**Supplied material**:
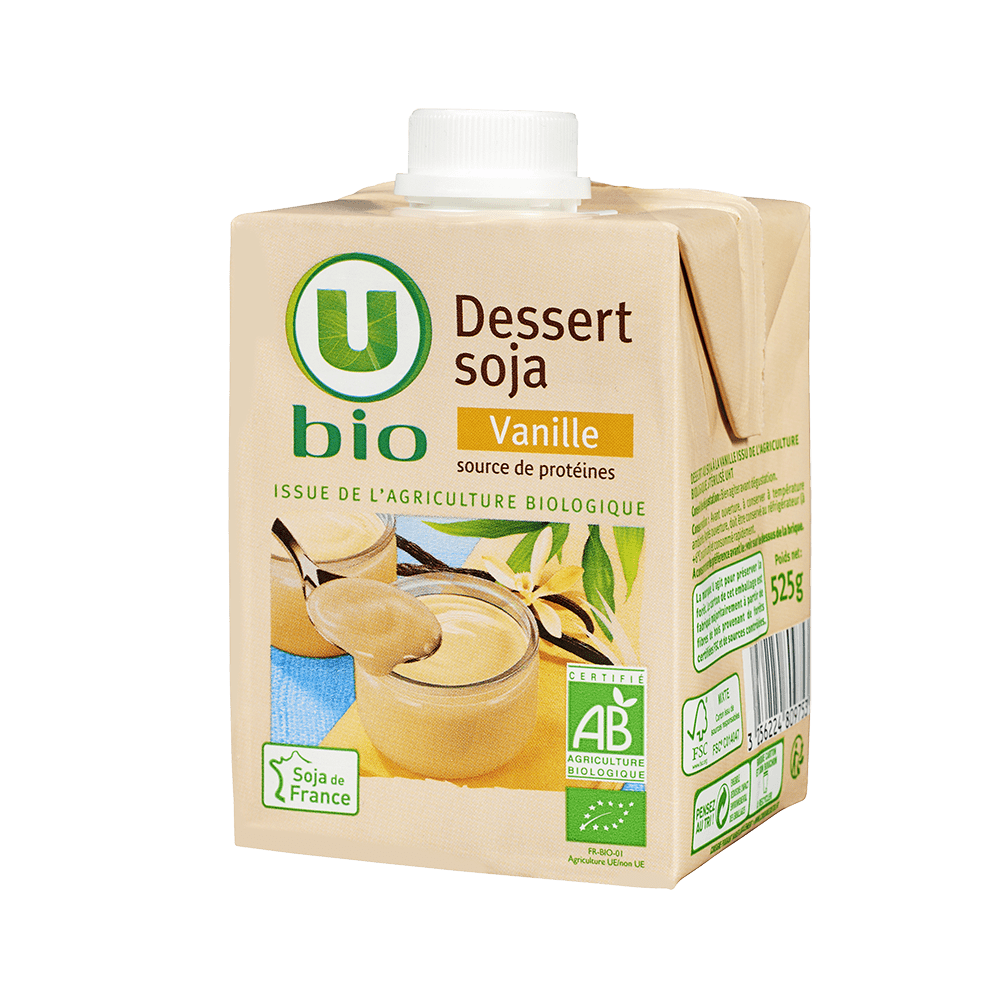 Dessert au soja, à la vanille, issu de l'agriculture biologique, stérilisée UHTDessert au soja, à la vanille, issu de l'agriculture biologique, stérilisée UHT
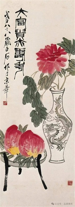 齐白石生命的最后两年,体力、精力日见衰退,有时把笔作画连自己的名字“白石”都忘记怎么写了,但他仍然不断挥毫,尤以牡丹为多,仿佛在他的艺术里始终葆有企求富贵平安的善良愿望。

==

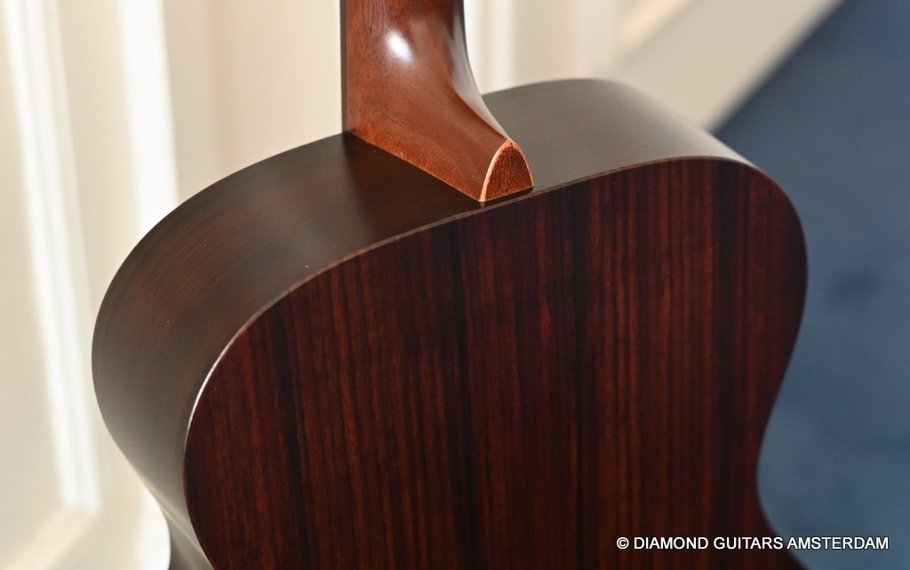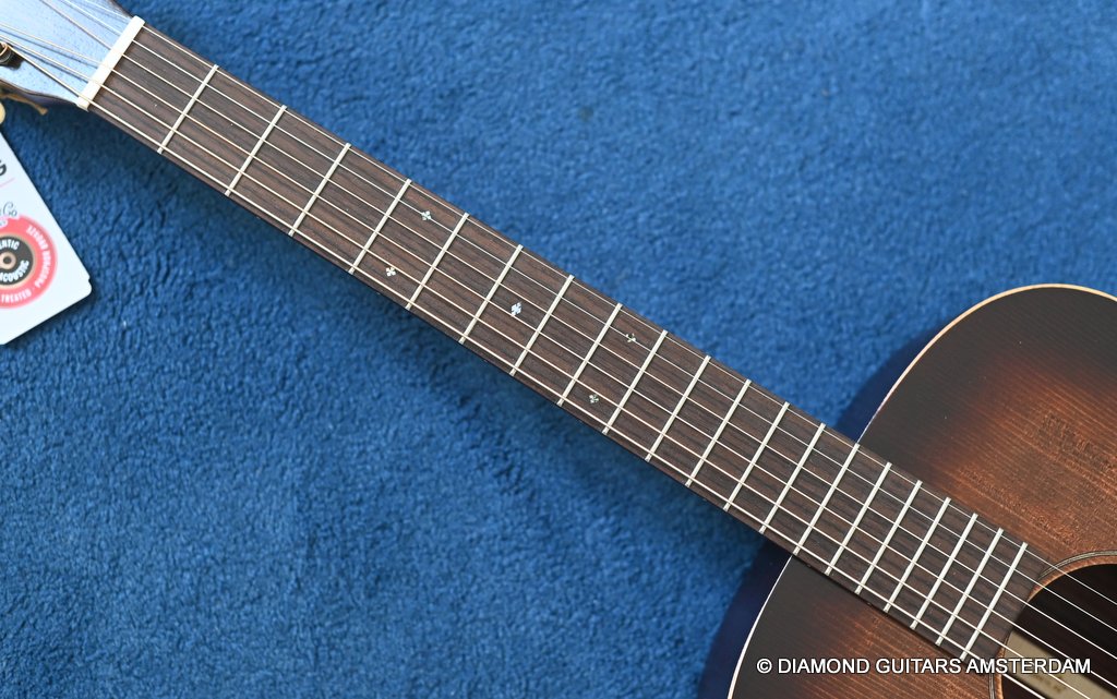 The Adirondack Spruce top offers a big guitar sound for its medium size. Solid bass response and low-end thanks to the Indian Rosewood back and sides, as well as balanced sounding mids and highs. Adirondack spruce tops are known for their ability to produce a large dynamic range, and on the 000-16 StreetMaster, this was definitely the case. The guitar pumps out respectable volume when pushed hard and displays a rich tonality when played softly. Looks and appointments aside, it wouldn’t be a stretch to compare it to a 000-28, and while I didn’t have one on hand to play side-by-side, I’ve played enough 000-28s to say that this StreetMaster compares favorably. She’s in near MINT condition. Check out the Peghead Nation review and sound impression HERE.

**The task**: Using the entries above, extract exactly the lines from the one that contains "biologique, stérilisée UHTDessert" through the one that contains "齐白石生命的最后两年,体力、". Do not carry over any pictures.

**Solution to this task**:
 Dessert au soja, à la vanille, issu de l'agriculture biologique, stérilisée UHTDessert au soja, à la vanille, issu de l'agriculture biologique, stérilisée UHT
 齐白石生命的最后两年,体力、精力日见衰退,有时把笔作画连自己的名字“白石”都忘记怎么写了,但他仍然不断挥毫,尤以牡丹为多,仿佛在他的艺术里始终葆有企求富贵平安的善良愿望。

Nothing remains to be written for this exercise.